- **TASK DESCRIPTION**
What you return should be every line below, word for word, and none of the images.

- **DATA SECTION**
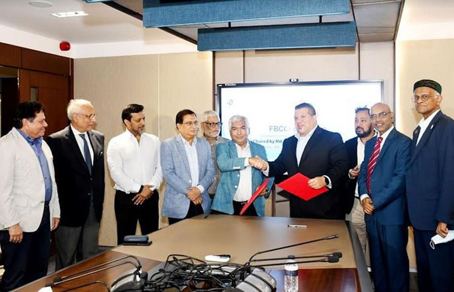 FBCCI President Md. Jashim Uddin and Faction Co-Founder Max Garza III signed the MoU on behalf of their respective organisations on Sunday evening at the Bengal Commercial Bank head office in Dhaka.
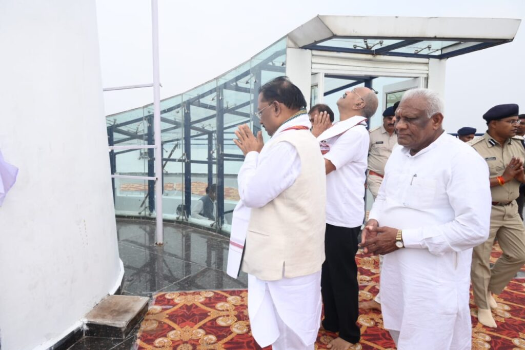 रायपुर,16 मार्च 2024/मुख्यमंत्री विष्णु देव साय आज बाबा गुरु घासीदास की जन्मभूमि एवं तपोभूमि गिरौदपुरी धाम में आयोजित गुरुदर्शन मेला में शामिल हुए। उन्होंने गुरु गद्दी एवं जैतखाम की पूजा- अर्चना कर नमन किया और छत्तीसगढ़ वासियों की खुशहाली और तरक्की के लिए कामना की। मुख्यमंत्री ने इस अवसर पर कुतुबमीनार से ऊंचे जैतखाम में पहुंचकर पूजा की साथ ही ऊपर से दूरबीन की सहायता से प्रकृति के नजारे का आनंद लिया। इस अवसर पर भंडारपुरीधाम गुरु गद्दीनशीन श्री बालदास भी उपस्थित रहे।तीन दिवसीय गिरौदपुरी मेले का आज अंतिम दिन है। यह मेला 14 मार्च से प्रारंभ हुआ था।
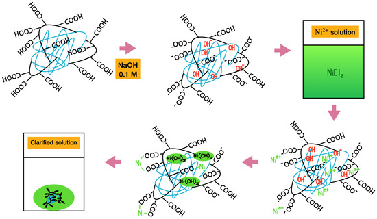 Nickel(II) solution clarification process using PAA-HPC xerogels (spectator ions are present in the system but were omitted to provide a clearer view of the figure).

- **OUTPUT OF THE EXERCISE**
 FBCCI President Md. Jashim Uddin and Faction Co-Founder Max Garza III signed the MoU on behalf of their respective organisations on Sunday evening at the Bengal Commercial Bank head office in Dhaka.
 रायपुर,16 मार्च 2024/मुख्यमंत्री विष्णु देव साय आज बाबा गुरु घासीदास की जन्मभूमि एवं तपोभूमि गिरौदपुरी धाम में आयोजित गुरुदर्शन मेला में शामिल हुए। उन्होंने गुरु गद्दी एवं जैतखाम की पूजा- अर्चना कर नमन किया और छत्तीसगढ़ वासियों की खुशहाली और तरक्की के लिए कामना की। मुख्यमंत्री ने इस अवसर पर कुतुबमीनार से ऊंचे जैतखाम में पहुंचकर पूजा की साथ ही ऊपर से दूरबीन की सहायता से प्रकृति के नजारे का आनंद लिया। इस अवसर पर भंडारपुरीधाम गुरु गद्दीनशीन श्री बालदास भी उपस्थित रहे।तीन दिवसीय गिरौदपुरी मेले का आज अंतिम दिन है। यह मेला 14 मार्च से प्रारंभ हुआ था।
 Nickel(II) solution clarification process using PAA-HPC xerogels (spectator ions are present in the system but were omitted to provide a clearer view of the figure).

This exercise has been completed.